What Is the Mission?
by Charley Reese

President Bush teared up on Memorial Day and said we must complete the mission in Iraq to honor the 18,000 wounded and 2,400-plus dead.

Well, I have a question. What is the mission?

Is it to overthrow Saddam Hussein? He's been overthrown and is awaiting execution by a kangaroo court we selected to do the hit.

Is it to allow the Iraqi people to hold elections? They've held three elections – one for an interim government, one for a Constitution, and one for a permanent government, which is now in place except for two Cabinet positions.

Oh, I forgot that when the president was selling this war, he said the mission was to disarm Saddam because he had all those awful weapons of mass destruction. Well, of course, they didn't exist, and now the president doesn't talk about them.

But if the purpose was to install an elected government, why are we still there? Why are we spending half a billion dollars to build the world's largest embassy, one that dwarfs Saddam's palaces and that ticks off the Iraqi people?
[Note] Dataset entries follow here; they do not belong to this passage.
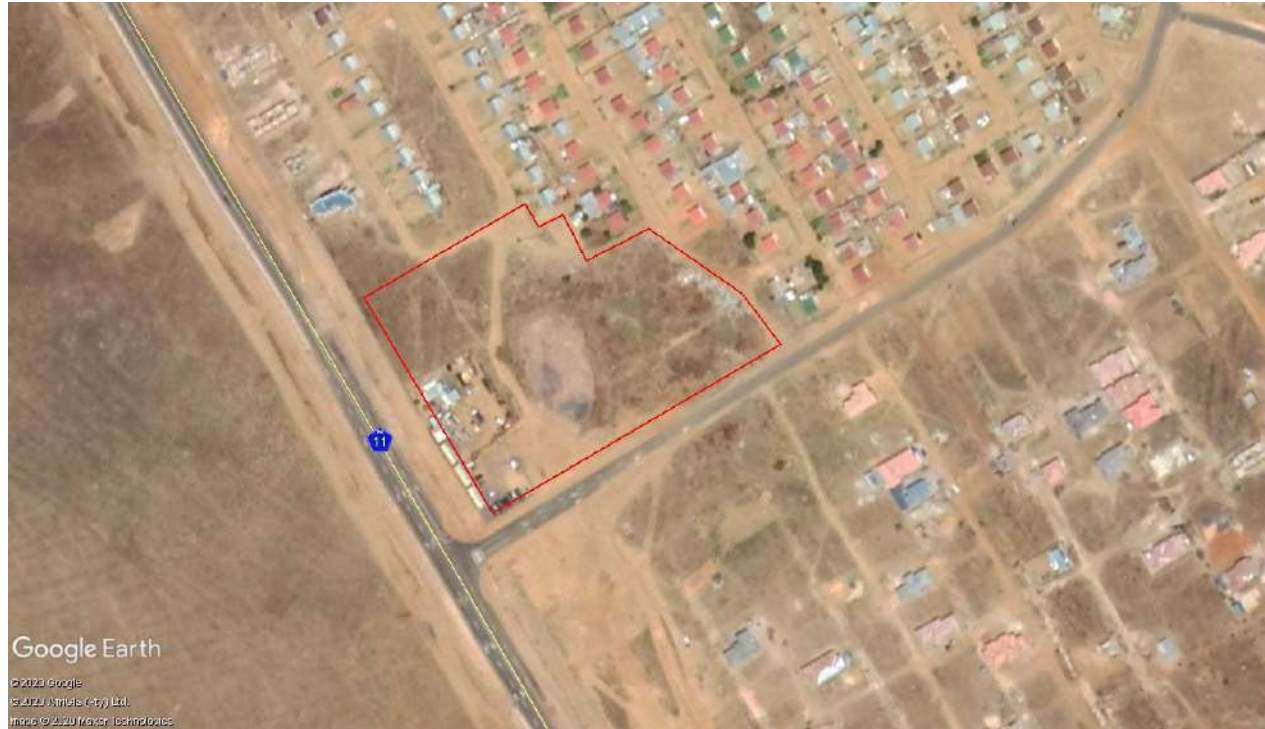
Figure 3: Detailed view of the site.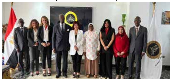
The Arab Women Investors Union welcomed H.E. the Ambassador of Côte d'Ivoire in Cairo, Amb. Timothy Izouon, and the Accompanying Delegation, to Discuss means of Strengthening Joint Trade and Cooperation between both countries.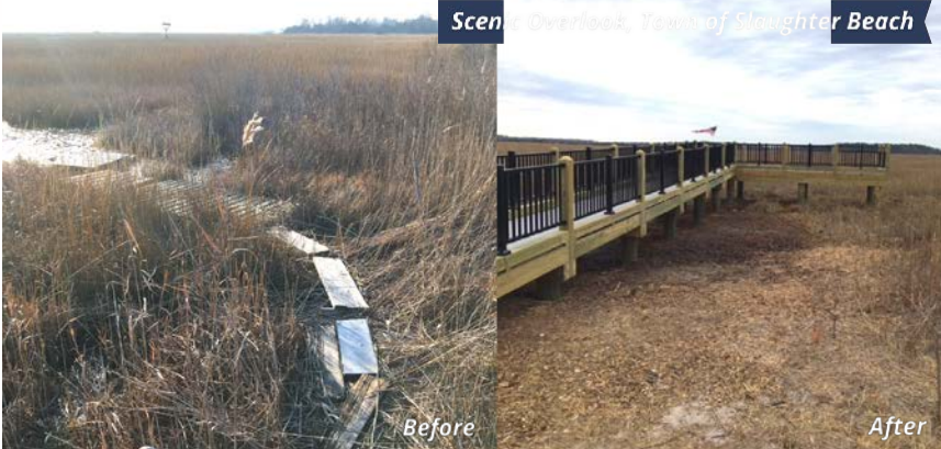
Scen Overlook, Town of Slaughter Beach

DeIDOT offers this program to provide communities throughout the state opportunities enhance and bolster themselves by implementing their long term visions and plans for safer and more accessible pedestrian and bicycle traffic through the creation of visual cues, bike lanes, wider walkways, cross walks, ADA accessibility, and more.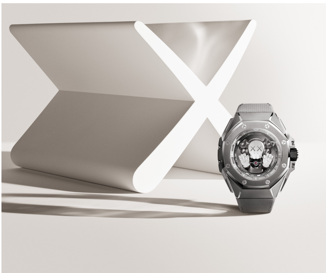
▲ The 43 mm multifaceted titanium case plays with light and texture, while the dark grey calfskin leather strap enhances the watch's contrasting grey tones.

KAWS' signature and the words "Limited Edition of 250 pieces." The black ceramic crown, topped with a titanium chip, adds the final touch. The play of textures and light continues on the dark grey calfskin leather strap. The interchangeable system integrated directly into the case and the triple-blade folding clasp allows the wearer to change styles with a quick click and release. The watch comes with a second strap in slate grey calfskin leather, also decorated with a textile pattern, to enhance its contrasting grey tones.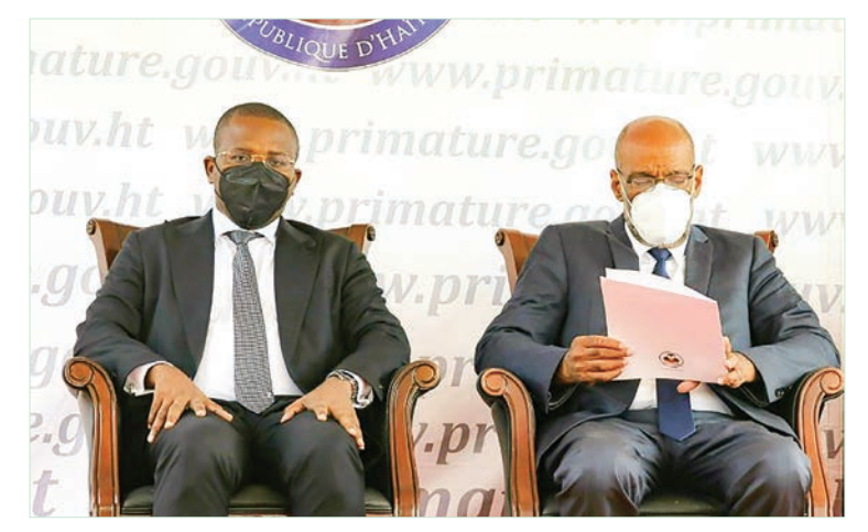
Rivals for power -- Haiti's former interim leader Claude Joseph (L) and new Prime Minister Ariel Henry in Haiti's capital Port-au-Prince as Henry and his new government are sworn in.

HAITI'S new prime minister Ariel Henry took office Tuesday in the aftermath of the president's assassination two weeks ago,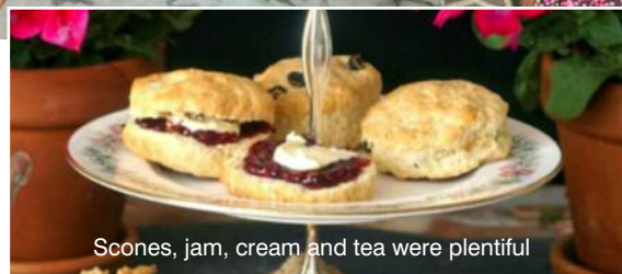
Scones, jam, cream and tea were plentiful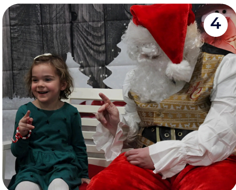
(1) ASL Jr. Explorers work on tie-dye tee shirts (2) and (3) HSDC staff members and volunteers greet visitors at ASL Weekend at the Ohio Renaissance Festival (4) A child enjoys a visit with Signing Santa Claus at our Winter Wonderland Event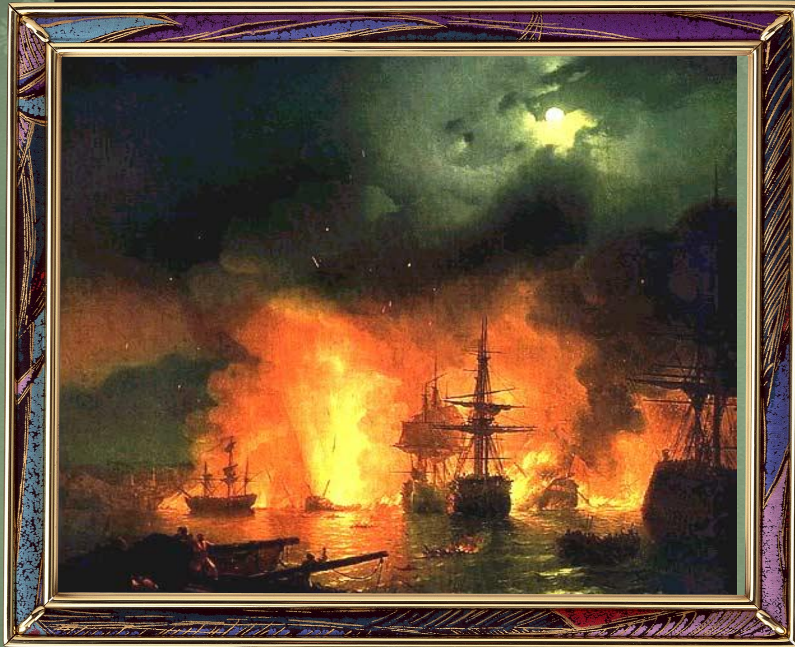
The Battle(Чесменский бой)

Why, after three years and billions of our tax dollars, do the Iraqi people lack electricity, clean water and sewers? They had all those things under Saddam until we destroyed them with our bombs and missiles.

And if we want the Iraqi army to handle security, why are its soldiers still driving around in Toyotas? Where are their armored personnel carriers, their tanks, their light machine guns and light artillery? Surely there is a lot of that stuff left over. Why doesn't the president stop spreading heifer dust? We take an 18-year-old kid, give him 18 weeks of training and ship him off to combat. Is this administration saying it takes five years to train an Iraqi lad?

I think the only real mission left is to wipe the egg off the president's face. The invasion of Iraq was unconstitutional. There was no declaration of war, just a namby-pamby, you-can-use-force-if-you-want-to resolution passed by those spineless mountebanks who inhabit Congress. It was illegal under international law, since Iraq had not attacked us or even threatened to attack us. Iraq was cooperating with the arms inspectors and telling the truth about the lack of weapons. That's why the U.N. Security Council refused to give the president the resolution he wanted as a cover for his war.

Most of all, though, it was flat stupid, as anybody who knows the Middle East could have told him. To use a favorite phrase of his father, when the prez ordered the invasion of Iraq, he stepped into deep doo-doo of the camel variety. I doubt if he knows how to get out of Iraq even if he wanted to, and I don't think he does. I think he intends to stay there indefinitely.

And if that's his intention, then he should tell the American people that their sons and daughters will continue to die or be maimed indefinitely. The Iraqis are a fierce people. No elf is going to sprinkle fairy dust on them and make them fall in love with us. Why should they? We destroyed their country and caused the deaths of 500,000 Iraqi children just with the sanctions, not counting the thousands we've killed since then.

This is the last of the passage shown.